Internado Forks para Chicos Rebeldes

Capitulo 15

Nieve

El día se pasó rápido ya que no tuvimos casi ninguna clase excepto la del último periodo donde por fin lograron secar las salas. Luego de eso me fui a mi habitación a terminar un informe de literatura y no salí hasta la hora de la cena.

Había sopa y me comí casi tres platos… Si, estaba hambrienta!

Aún llovía, pero con menos intensidad y hacía cada vez más frío.

-Mañana va a nevar… -comentó vagamente Jasper.

-Y yo me voy a la cama- dije levantándome de mi asiento.

Caminé hacia la salida, sola, y por una milésima de segundo me pregunté donde habría estado Edward Cullen durante la cena.

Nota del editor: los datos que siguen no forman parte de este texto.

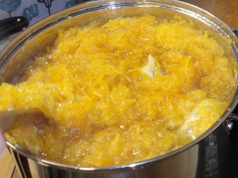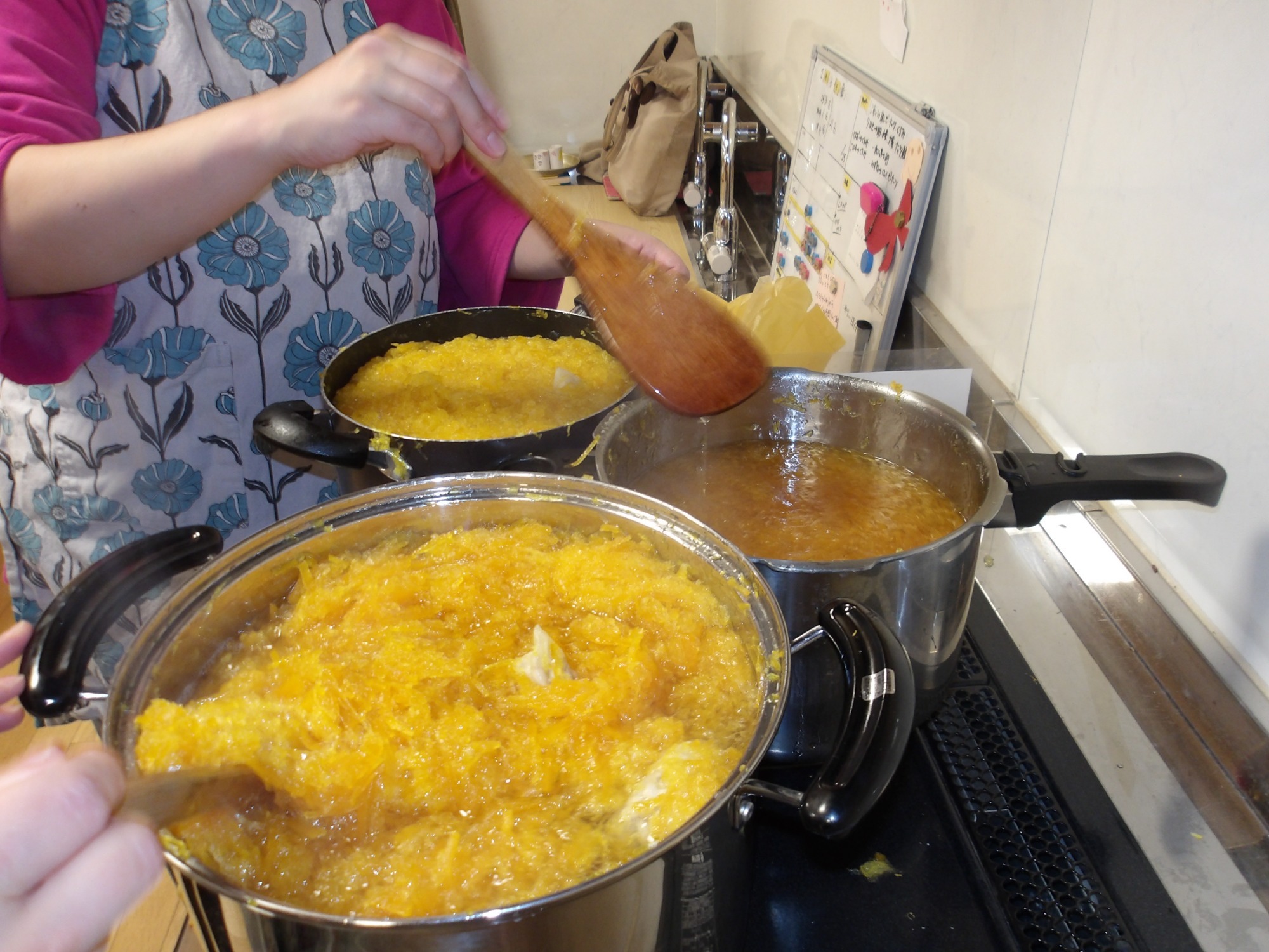 先週の煮込み始めの様子です。砂糖8キロ、夏ミカンは13キロ分を仕込んでの作業。あんなにたくさんだったのがおいしく仕上がりましたね!

El pasillo techado que llevaba a los dormitorios estaba atestado de gente, así que preferí dar la vuelta larga y caminar bajo la lluvia.

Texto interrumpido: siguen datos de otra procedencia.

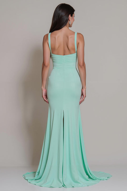 • Mint Green Satin Sweetheart Ruched Long Bridesmaid Dress with Slit

En mi iPod sonaba My Heart de Paramore y se sentía muy bien la lluvia en mi cara. Casi nunca pescaba resfriados así que no estaba nada preocupada.

Estaba oscuro, pero me gustaba la sensación. No era la fan número uno del frío, pero aun era soportable.

Seguí caminando con la mirada clavada en el suelo por entre el suelo que estaba cubierto de césped, hasta que dos pies aparecieron frente a mí y se detuvieron.

Me quite un audífono y levanté la mirada.

-Deberías mirar hacia el frente cuando caminas –me dijo el chico de cabello cobrizo.

La verdad, no sé porque, pero me tomó unos instantes entender el comentario.

-Lo tomaré en cuenta… -le respondí. El esbozó una pequeña sonrisita.

-Con permiso- me dijo y pasó a mi lado.

El roce de nuestras manos al pasar fue casi abrumador. El su piel estaba tan caliente y la noche tan fría que era casi desconcertante.

Me quedé allí, congelada por un instante.

-Edward?-le dije sin girarme.

-Si?-me preguntó el de espaldas a mi.

Esta era mi oportunidad para preguntarle que había querido decir el otro día, pero era como si las palabras no salieran de mi boca.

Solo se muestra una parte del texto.